Ergo, per Mark, I’d have to say: “You’re a troll.” Or else, “You’re an idiot,” or “you’re clueless about the word ‘skeptical.’ ” (Take your choice; not all options are mutually exclusive.)
#13 slowe on Saturday November 05, 2011 at 6:46am
Well said Ron, Thank you.
I hope CFI will officially write and thank those not voting YES on this Resolution on behalf of all of CFI members.
We should be sure to alert our members in these 9 Congressmember’s districts to especially thank their representative.
As for action, will the REASON Rally include any coordinated visites to Congressional office to lobby for our issues?
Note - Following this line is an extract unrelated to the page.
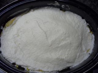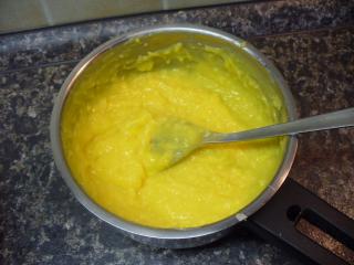 Poté dáme vařit tři čtvrtiny mléka a ve zbytku rozmícháme oba pudinky a přidáme cukr. Můžeme dát i méně cukru,než je uvedeno, záleží na naší chuti. Když se mléko začne vařit, vlijeme do něj rozmíchané pudinky a vše důkladně mícháme, než se směs zahustí. Do ještě teplého pudinku vmícháme máslo a vanilkový cukr, necháme lehce vychladnout. Mezitím si oddělíme 4 žloutky od bílků, které vlijeme do samostatné nádoby. Žloutky a 1 celé vejce přidáme do pudinkové směsi. Důkladně prošleháme metličkou, můžeme použít i elektrický mixér. Mícháme nebo šleháme, dokud nám nevznikne hladký krém.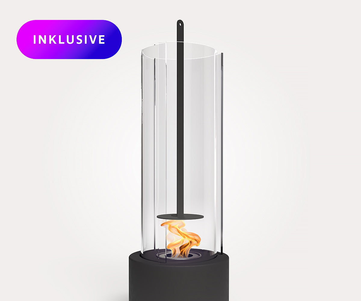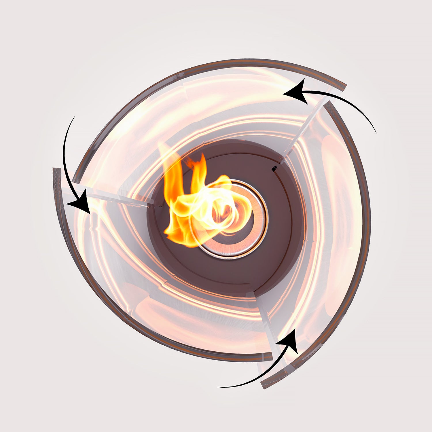 Die spezielle Konstruktion mit drei Glasscheiben ermöglicht eine gezielte Luftzufuhr zur Flamme im Inneren. Dadurch entsteht ein rotierender Tornado- bzw. Spiraleffekt, der die Flamme eindrucksvoll nach oben führt.

With such a crowd in town it would be a shame to miss this opportunity to “testify” and represent our issues to our lawmakers.
#14 Daniel Almeida (Guest) on Saturday November 12, 2011 at 2:53am
I meant skeptical as in not credulous. Perhaps you should actually read diglotting’s posts. He’s quite liberal in his beliefs. For example, he doesn’t even believe in hell (as traditionally understood)
btw: No need for name calling.
#15 Gina (Guest) on Sunday November 13, 2011 at 10:23am
Daniel, one quick phrase should answer your question-“They’re up in their nighties.”